The following is taken from the excellent handbook issued by the Emigrants' Information Office.

The rate of wages in the towns is roughly as follows, in the country districts slightly lower:—

1. Without board and lodging—per day:

Bakers  8s. to 10s.
Blacksmiths  8s. " 10s.
Boatbuilders  8s. " 10s.
Brewers  6s. " 8s.
Carpenters  8s. " 10s.
Coachbuilders  7s. " 10s.
Gardeners  5s. 6d. to 6s.
General Labourers  5s. to 7s.
Masons and Bricklayers  8s. " 11s.
Miners 10s. " 12s.
Navvies  6s. " 8s.
Painters  6s. " 8s.
Plasterers  8s. " 10s.
Plumbers  7s. " 9s.
Printers  6s. " 10s.
Saddlers  7s. to 10s.
Sawyers and Lumbermen  6s. " 10s.
Shipwrights  10s.
Shoemakers  By piece work, average 6s. to 9s. a day.
Tailors
Tanners and Curriers  6s.
Tinsmiths  8s.
Tobacco Factory Operative  Piece work average £3 a week.
Wharf Labourers  6s. to 7s.
Wheelwrights  9s. " 10s.


2. With board and lodging:

a. Per month:

Housemaids and General Female Servants, 30s. to 40s.; Cooks, 30s. to 50s.
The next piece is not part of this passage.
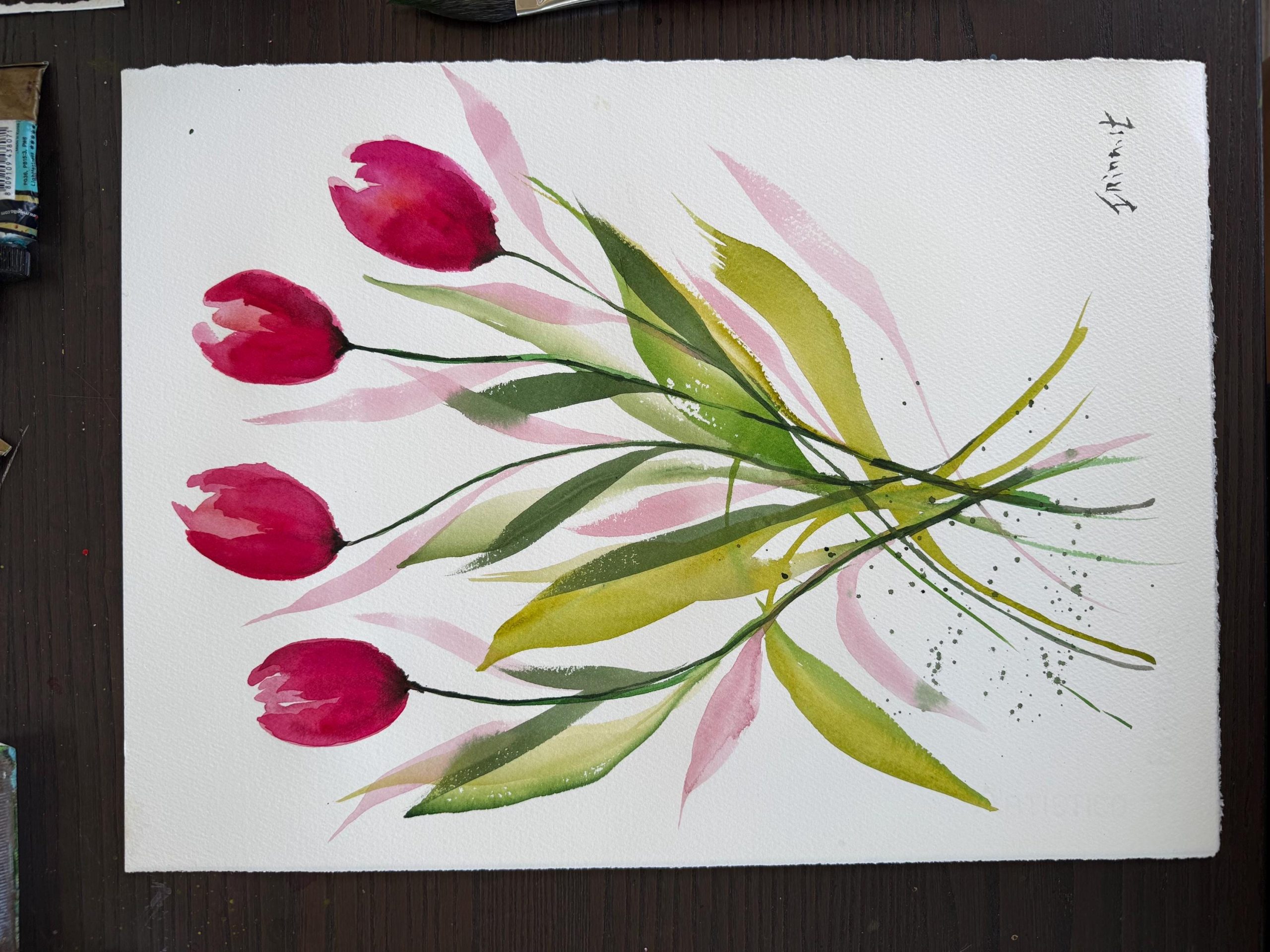 ציור טוליפים בורוד עז צבעי מים מקוריים

Farm Labourers, Ploughmen, and Station Hands, 40s. to 80s.

b. Per year:

Shepherds, Stockriders, generally useful men on stations, £30 to £45. Married couples, servants on farms and stations, £50 to £70.
3. At the goldfields in the Kimberley Division Gardeners get £2 a week; Saddlers and Gold-miners, £4; Wheelwrights and Butchers, £5; Blacksmiths, Farriers, Joiners, and Car­penters, £5 to £6; Engineers, £8; and General Labourers, £4. Female Servants get £6 to £10 a month, and found (no demand, Chinamen being used).

Note.—Farm labourers are usually boarded and lodged; and single men preferred to married men with families. A high rate of wages does not necessarily imply a demand for labour. Navvies work eight hours a day, most other trades nine hours; a few, 10; farm hands, sunrise to sunset in the season. There is a good demand generally for female servants, milliners, and dressmakers. There is a good opening for market gardeners, fruit growers, and farmers, with £150 and upwards, but they should get experience of colonial farming before taking up land. In a few agricultural parts there is a fair demand for farm hands at £2 to £4 a month and board, but employment is not always permanent, and in the Kim­berley Division there is no demand. In any case they should be prepared to turn their hands to all kinds of farm and station work, or to cut down timber, or to use a pick and shovel, and to rough it in the bush and country districts. There is a. moderate demand only for mechanics, chiefly for those in the building trades. Gold­ miners may do well in mining districts, but the journeys are gene­rally expensive, and the life is rough.